After a scorching Wednesday night, it was in much more comfortable conditions that Melbourne welcomed their very own to the Howler stage. Funk singer-guitarist-multi-instrumentalist extraordinaire Darren Hart – performing under the musical moniker Harts – needed only himself, his gear and a fit drummer to kick off his mini ‘All Rise’ Australian tour.
After such a tragic news week (the shock deaths of British arts icons David Bowie and Alan Rickman), being at a good gig was just what the doctor ordered, and it was clear from the happy-go-lucky crowd that collective fun was definitely on the agenda.
Cool, calm and collected in a leather jacket, black fedora and jeans, the 20-something Indian born prodigy looked every inch the rising star. His signature cream & swirl decorated Fender Squier Stratocaster shone under the purple-pink lights – about to prove once again that even a cheap guitar can sound expensive with the right player.
Although a keyboard/synth apparatus stood front and centre stage, Harts fans knew it was only a matter of time before the entertainer would ditch his rigid position and roam the stage, guitar always in hand. And that’s exactly what he did.

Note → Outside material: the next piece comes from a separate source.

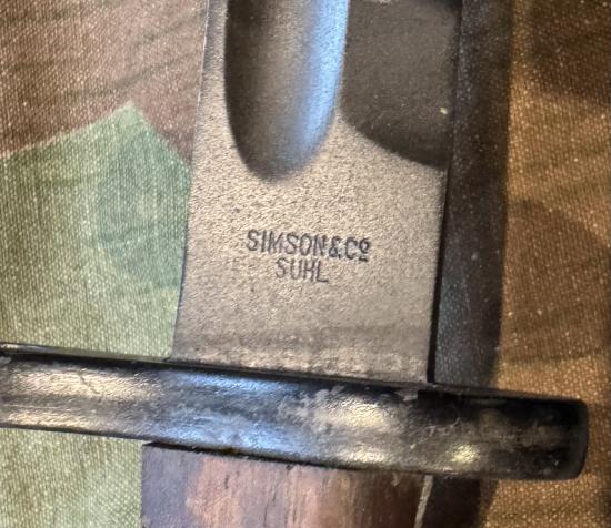 Excellent condition original bayonet for the German Steyr Solothurn Mp34. Maker marked
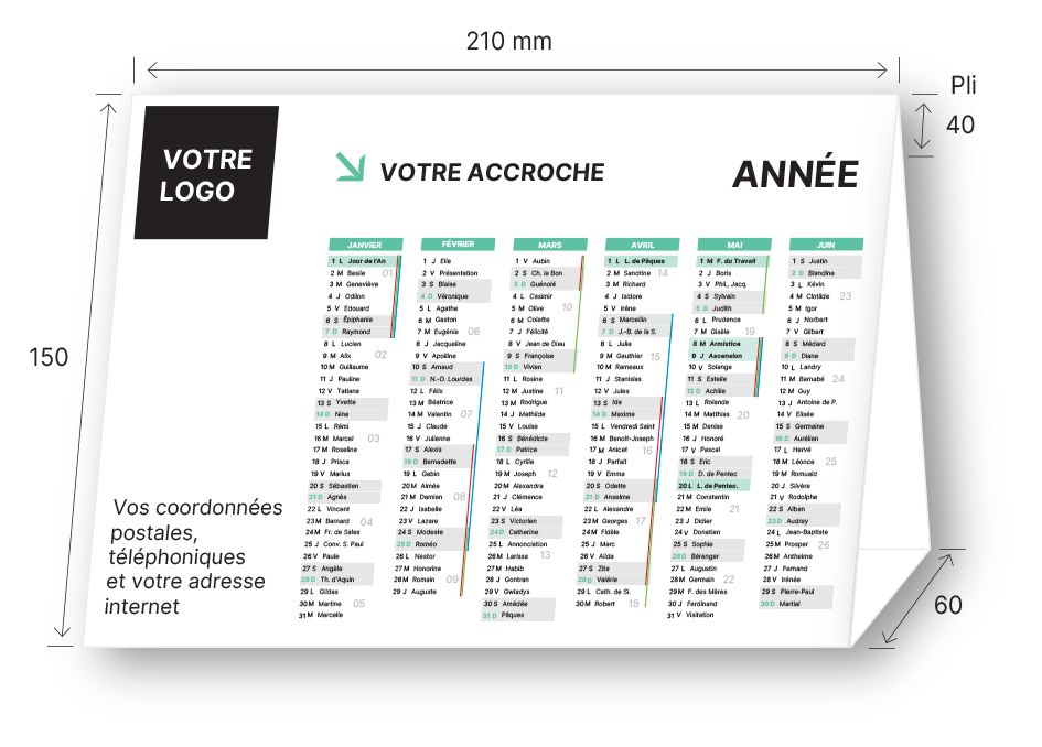 Le chevalet simple est un calendrier de bureau pratique, économique et particulièrement efficace pour maintenir votre marque visible toute l’année. Installé sur un comptoir, un bureau ou une banque d’accueil, il assure une présence constante auprès de vos clients, partenaires et collaborateurs. Grâce à son format compact et stable, le calendrier chevalet simple offre une lecture claire des mois tout en mettant en avant votre logo, vos coordonnées ou votre message commercial.

He powered through a string of originals, kicking off with ‘Angels Walk Below’ and dropping fan favourites ‘When A Man’s A Fool’, ‘Streets’, ‘Lovers In Bloom’, and the fuzz melodies of the popular 2014 single ‘Red & Blue’. The melody mimics of the guitar verses had every one closing their eyes and soaking in the beat. Two diehard Harts fans jumped in front of me to synchronise dance moves, their signed tees on full display for our benefit.
Mid solo, the trademark hat was flicked off and the trademark hair unleashed. “Mind if I play a bit of guitar?” he joked, before dropping epically to his knees for another blistering solo. Compared consistently to Jimi Hendrix for his driving funk sound, and personally praised and nurtured by Prince for his similarities, it was easy to see why Harts has become such a prominent and popular figure on the recent festival circuit.
Last year’s hit ‘Breakthrough’ got the crowd bouncing, a song that even Harts himself said is his “most popular” track to date. With an easy to remember refrain, the crowd sung a sweaty rendition for him, beaming at his dynamic lead break and pouty expressions. Then the new single dropped, ‘All Rise (Play It Cool)’. Enter a cappella chorus love fest – and I dare you to try not to dance to this one! Michael Jackson swagger meets raw funk fun, Harts crooned into his mic with impressive range before bounded and sliding across the stage throughout his splintered solos, balancing on the lip with photo-perfect rock frontman poses.
He peppered his songs with compliments for the support throughout his career so far. “I’ve been playing for seven years as Harts”, he smiled, with maybe just a tiny hint of frustration in his voice. “It’s a tough industry but thank you so much for supporting live music.”
The encore came in the form of ‘Ain’t Too Far Gone’ and a Jimi Hendrix classic, naturally, and most appropriately under the foggy purple lights it was ‘Purple Haze’. The iconic intro dropped and whoops of delight ensued, cue “excuse me while I kiss the sky” sing-a-long.
Charismatic but polite, theatrical yet grounded, Harts sits somewhere between bedroom philosopher and would-be world dominator. All rise and take note Australia, Harts is gonna play it real cool.